Tiefenpsychologisch fundierte Psychotherapie

therapie_schmalDiese Form der Psychotherapie dient dazu, unbewusst übernommene Muster aus der frühen Kindheit in Bezug zu heutigen Verhaltensweisen zu identifizieren. Wiederkehrende Konflikte werden erkannt und können so überwunden werden. Die gewonnenen Erkenntnissen helfen demnach, den aktuellen Konflikt aufzulösen.
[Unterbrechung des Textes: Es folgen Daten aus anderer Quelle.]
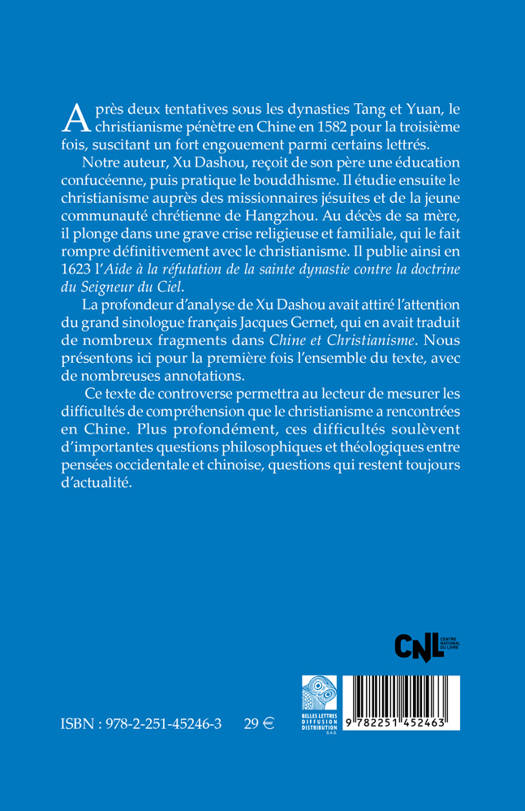 Apres deux tentatives sous les dynasties Tang et Yuan, le christianisme penetre en Chine en 1582 pour la troisieme fois, suscitant un fort engouement parmi certains lettres. Notre auteur, Xu Dashou, recoit de son pere une education confuceenne, puis pratique le bouddhisme. Il etudie ensuite le christianisme aupres des missionnaires jesuites et de la jeune communaute chretienne de Hangzhou. Au deces de sa mere, il plonge dans une grave crise religieuse et familiale, qui le fait rompre definitivement avec le christianisme. Il publie ainsi en 1623 l'Aide a la refutation de la sainte dynastie contre la doctrine du Seigneur du Ciel. La profondeur d'analyse de Xu Dashou avait attire l'attention du grand sinologue francais Jacques Gernet, qui en avait traduit de nombreux fragments dans Chine et Christianisme. Nous presentons ici pour la premiere fois l'ensemble du texte, avec de nombreuses annotations. Ce texte de controverse permettra au lecteur de mesurer les difficultes de comprehension que le christianisme a rencontrees en Chine. Plus profondement, ces difficultes soulevent d'importantes questions philosophiques et theologiques entre pensees occidentale et chinoise, questions qui restent toujours d'actualite.

Hierbei wird in gemeinsamer Arbeit zuerst ein Ziel der Therapie festgelegt. Mittels individueller Gespräche wird nach einer Lösung für das vorliegende Problem gesucht und zeitgleich neue Bewältigungsstrategien entwickelt. Dies wird durch die Erstellung eines Konzepts gestützt, dessen Umsetzung im Alltag helfen kann. So können Betroffene das eigene Erleben besser verstehen und kontrollieren. Je nach Bedarf und Umfang kommen verschieden Therapieformen und -dauern in Frage (Kurzzeit: 25 Std. / Langzeit: 50 Std. / Lösungszentriert: ca. 5-10 Std. als Privatleistung). Auch bei psychosomatischen Erkrankungen, für die keine organische Ursache gefunden werden kann, ist diese Art der Behandlung erfolgsversprechend.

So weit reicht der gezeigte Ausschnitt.